Location
- Country: Canada
- Province: British Columbia

Physical characteristics
- Source: Stikine Plateau
- • location: Coast Mountains
- • coordinates: 58°46′35″N 132°5′36″W﻿ / ﻿58.77639°N 132.09333°W
- • elevation: 314 m (1,030 ft)
- Mouth: Taku River
- • location: Boundary Ranges
- • coordinates: 58°54′10″N 133°8′37″W﻿ / ﻿58.90278°N 133.14361°W
- • elevation: 91 m (299 ft)
- Length: 83 km (52 mi)
- Basin size: 10,463 km^{2} (4,040 sq mi),
- • average: 177 m^{3}/s (6,300 cu ft/s).

= Inklin River =

The Inklin River (Lingít: Héen Tlein) is a tributary of the Taku River in the northwest part of the province of British Columbia, Canada. It originates at the confluence of its two main tributaries, the Nahlin River and the Sheslay River and flows generally west and northwest about 83 km to join the Nakina River. The confluence of the Inklin and Nakina Rivers, at the uninhabited locality of Inklin, marks the beginning of the Taku River. The mouth of the Inklin River is located about 100 km northeast of Juneau, Alaska and about 160 km northwest of Telegraph Creek, British Columbia.

The river forms the southwestern boundary of the Taku Plateau, the northwesternmost sub-plateau of the Stikine Plateau. Along the river's southeast are the Boundary Ranges of the Coast Mountains.
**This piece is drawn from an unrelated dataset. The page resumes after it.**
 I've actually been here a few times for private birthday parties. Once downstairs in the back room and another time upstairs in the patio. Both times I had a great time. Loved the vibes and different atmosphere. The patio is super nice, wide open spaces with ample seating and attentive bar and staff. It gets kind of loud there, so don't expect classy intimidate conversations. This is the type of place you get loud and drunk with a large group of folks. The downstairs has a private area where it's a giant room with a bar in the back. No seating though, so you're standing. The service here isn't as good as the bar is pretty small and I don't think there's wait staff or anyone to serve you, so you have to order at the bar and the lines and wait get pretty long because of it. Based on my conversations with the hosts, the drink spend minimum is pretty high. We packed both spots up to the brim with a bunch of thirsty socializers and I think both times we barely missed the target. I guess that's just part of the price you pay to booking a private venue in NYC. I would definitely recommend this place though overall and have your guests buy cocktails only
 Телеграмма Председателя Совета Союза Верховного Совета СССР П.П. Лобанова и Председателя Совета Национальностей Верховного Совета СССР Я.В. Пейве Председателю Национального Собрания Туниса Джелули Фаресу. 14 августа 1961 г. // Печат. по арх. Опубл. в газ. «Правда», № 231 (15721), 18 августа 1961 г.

The Inklin River's watershed covers 10463 km2, and its mean annual discharge is 177 m3/s.

The lower Inklin River flows through the Nakina–Inklin Rivers/Yáwu Yaa Conservancy.

Major tributaries of the Inklin River include Yeth Creek, Sutlahine River, Kaustua Creek, Kowatua Creek, Teditua Creek, and its headwater rivers, the Nahlin and Sheslay Rivers.